=== Section Start ===
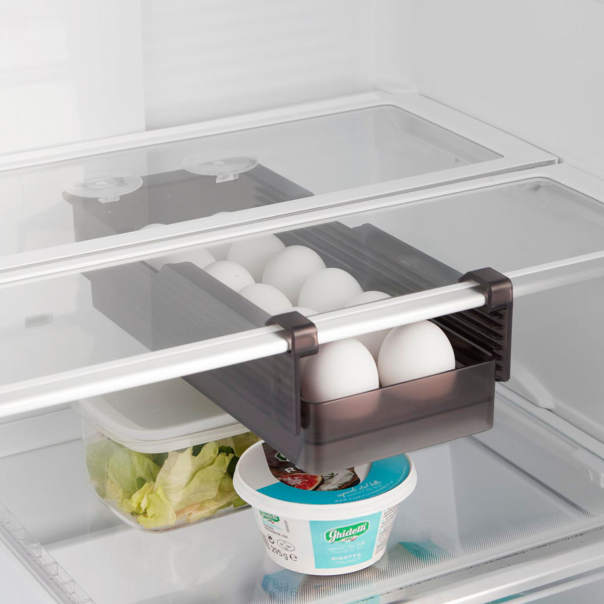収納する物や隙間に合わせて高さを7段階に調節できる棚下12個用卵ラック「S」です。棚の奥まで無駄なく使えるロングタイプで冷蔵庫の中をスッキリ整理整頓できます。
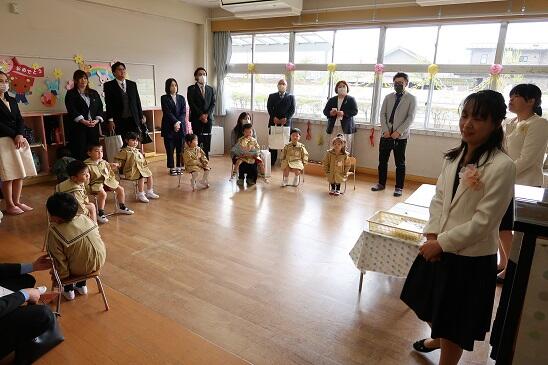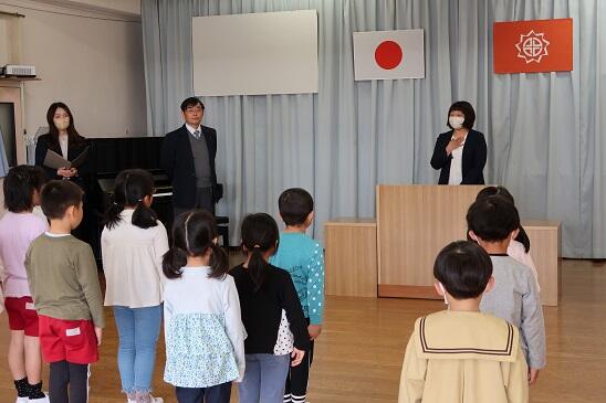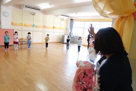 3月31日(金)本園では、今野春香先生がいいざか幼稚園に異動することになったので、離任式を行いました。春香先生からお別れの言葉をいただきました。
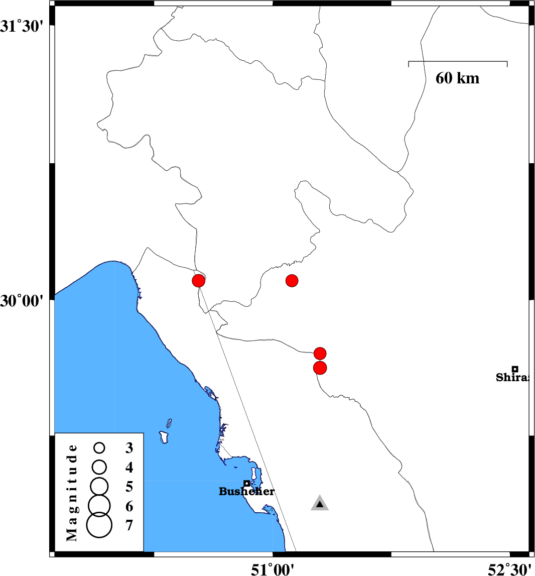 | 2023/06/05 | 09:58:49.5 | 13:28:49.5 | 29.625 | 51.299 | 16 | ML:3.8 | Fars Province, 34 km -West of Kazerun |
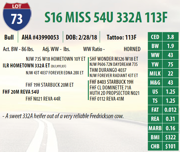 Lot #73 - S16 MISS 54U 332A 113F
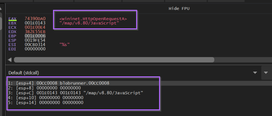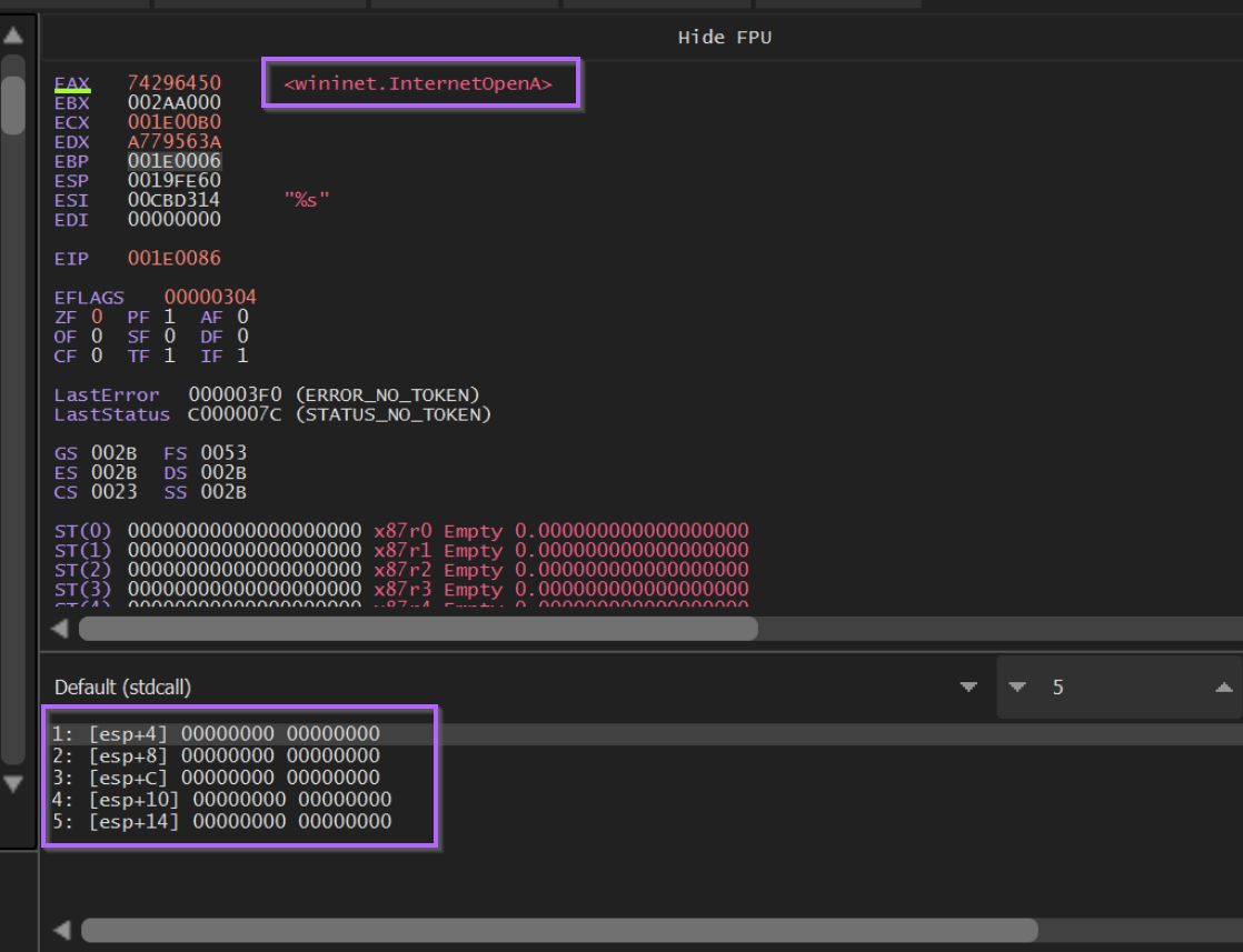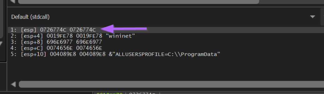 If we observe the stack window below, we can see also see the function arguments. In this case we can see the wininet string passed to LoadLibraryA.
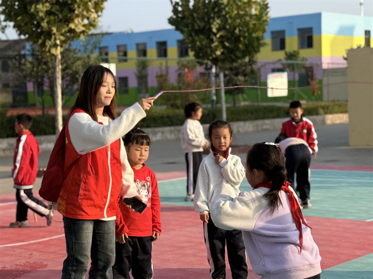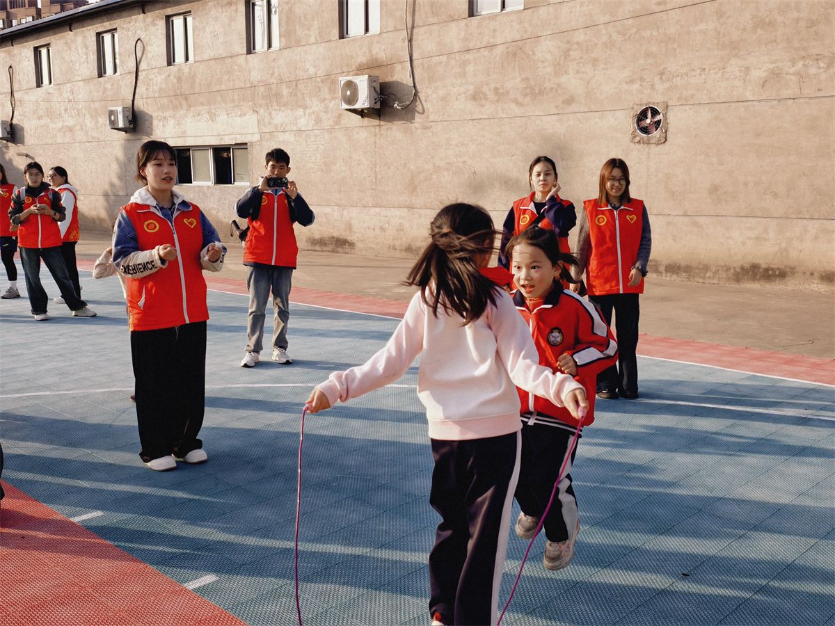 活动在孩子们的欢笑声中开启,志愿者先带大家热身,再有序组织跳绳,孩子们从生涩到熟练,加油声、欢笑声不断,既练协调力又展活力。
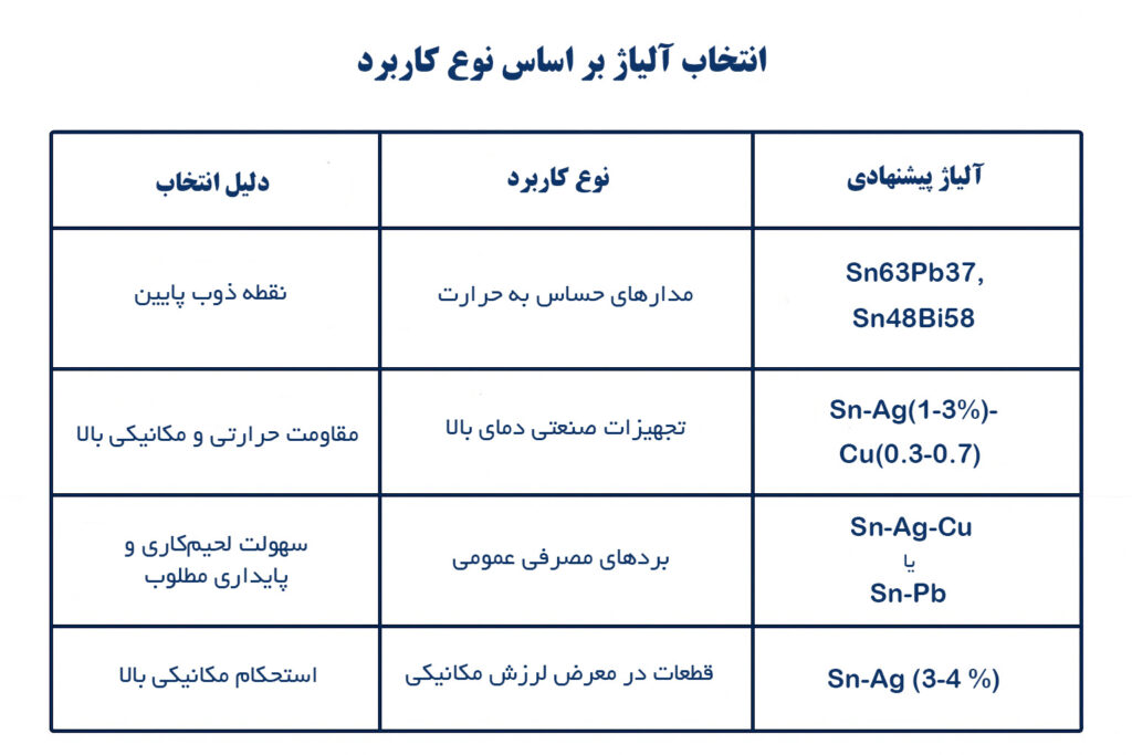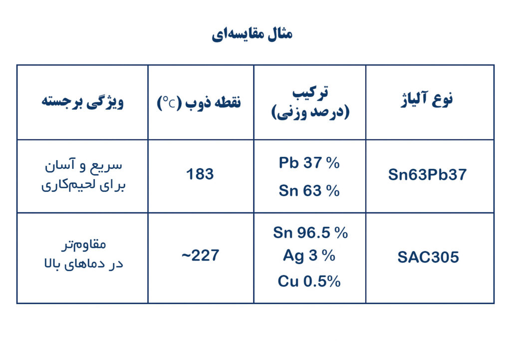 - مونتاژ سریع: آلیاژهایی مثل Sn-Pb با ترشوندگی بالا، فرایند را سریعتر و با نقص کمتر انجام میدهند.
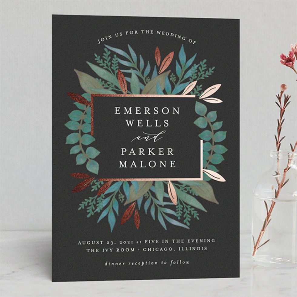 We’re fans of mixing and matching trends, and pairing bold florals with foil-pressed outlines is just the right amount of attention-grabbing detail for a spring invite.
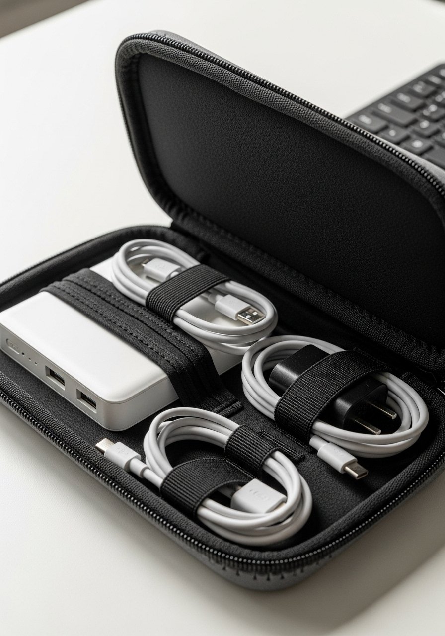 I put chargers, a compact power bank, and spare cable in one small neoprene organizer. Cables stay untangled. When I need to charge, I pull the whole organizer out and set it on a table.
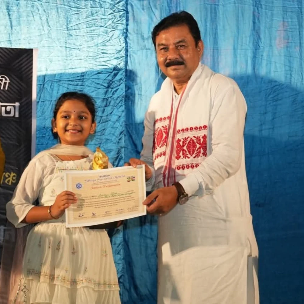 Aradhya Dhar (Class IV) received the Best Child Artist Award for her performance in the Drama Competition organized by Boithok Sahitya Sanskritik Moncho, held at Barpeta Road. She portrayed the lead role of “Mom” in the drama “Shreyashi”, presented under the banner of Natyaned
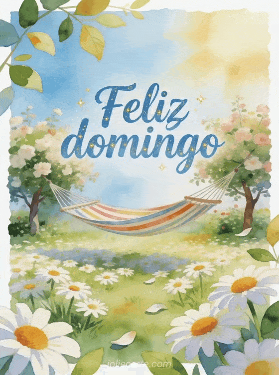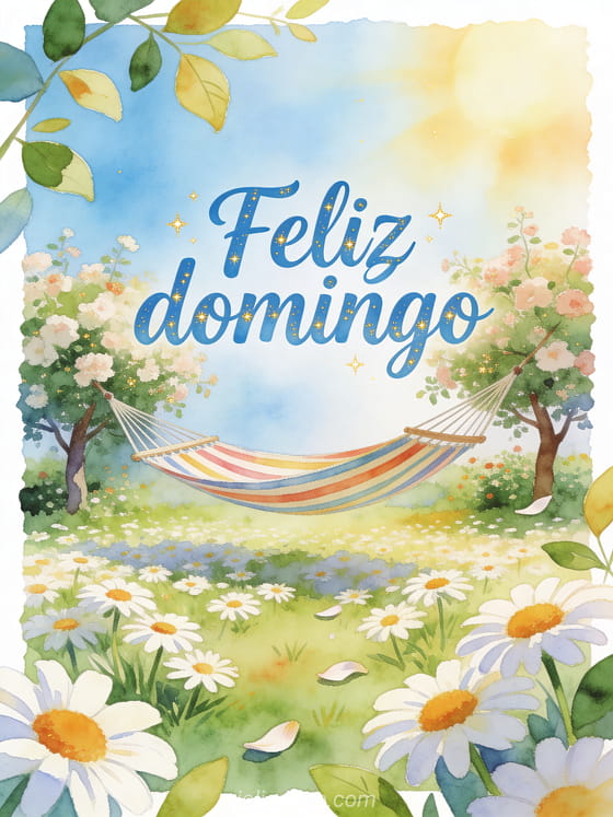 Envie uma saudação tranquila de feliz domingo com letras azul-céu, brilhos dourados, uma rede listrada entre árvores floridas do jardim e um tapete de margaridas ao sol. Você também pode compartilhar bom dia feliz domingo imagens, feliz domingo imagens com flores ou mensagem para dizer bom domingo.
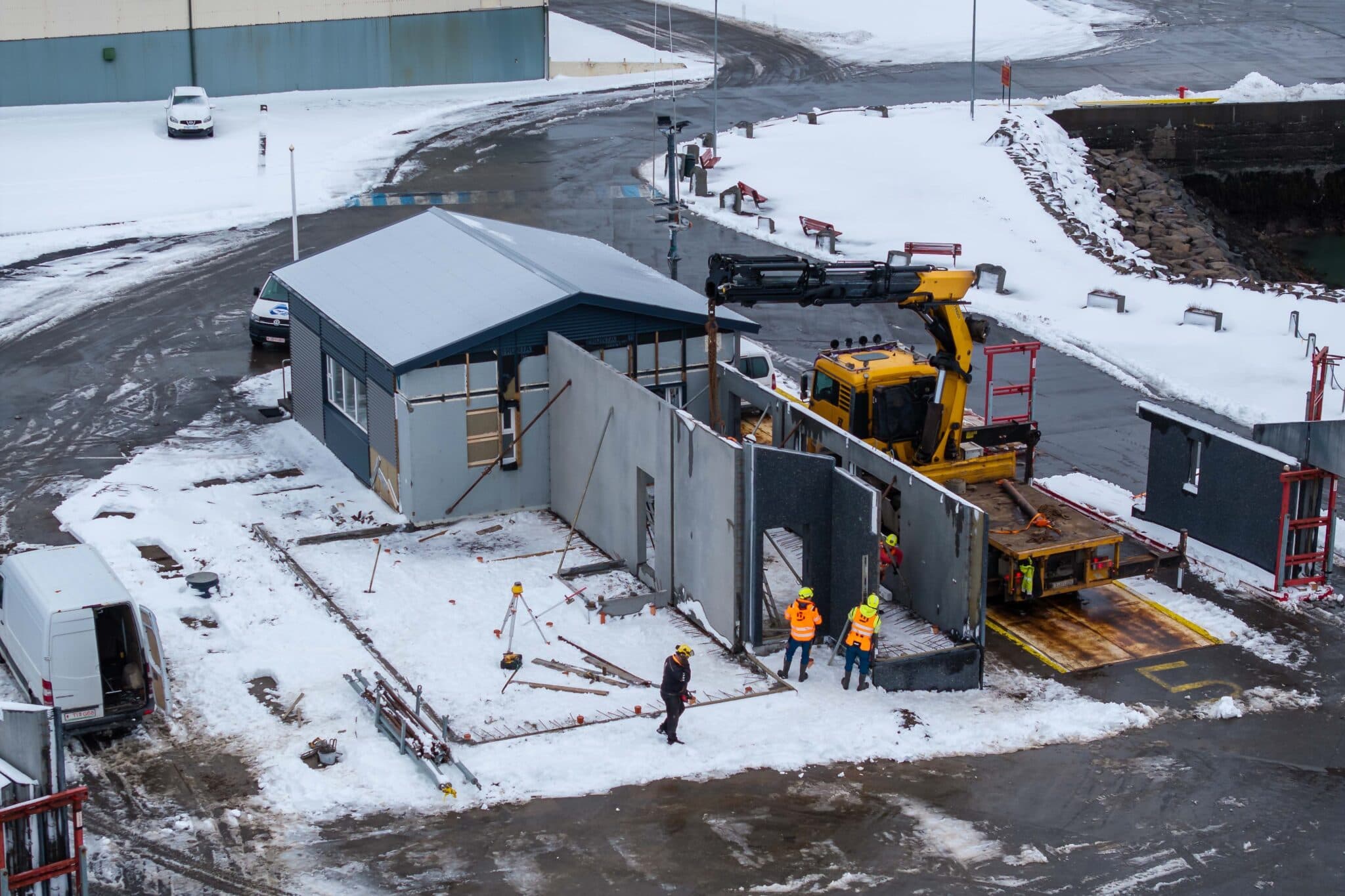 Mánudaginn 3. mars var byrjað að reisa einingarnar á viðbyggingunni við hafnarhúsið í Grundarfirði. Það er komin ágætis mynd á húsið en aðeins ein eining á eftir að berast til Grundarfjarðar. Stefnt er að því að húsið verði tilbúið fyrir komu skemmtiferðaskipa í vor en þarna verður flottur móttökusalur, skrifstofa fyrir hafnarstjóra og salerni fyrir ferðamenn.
=== Section End ===
**TASK DETAILS**
Although the records hold pictures, the copy must not; give again exactly the lines from the one with "If we observe" through the one with "活动在孩子们的欢笑声中开启,志愿者先带大".

**ANSWER BOX**
 If we observe the stack window below, we can see also see the function arguments. In this case we can see the wininet string passed to LoadLibraryA.
 活动在孩子们的欢笑声中开启,志愿者先带大家热身,再有序组织跳绳,孩子们从生涩到熟练,加油声、欢笑声不断,既练协调力又展活力。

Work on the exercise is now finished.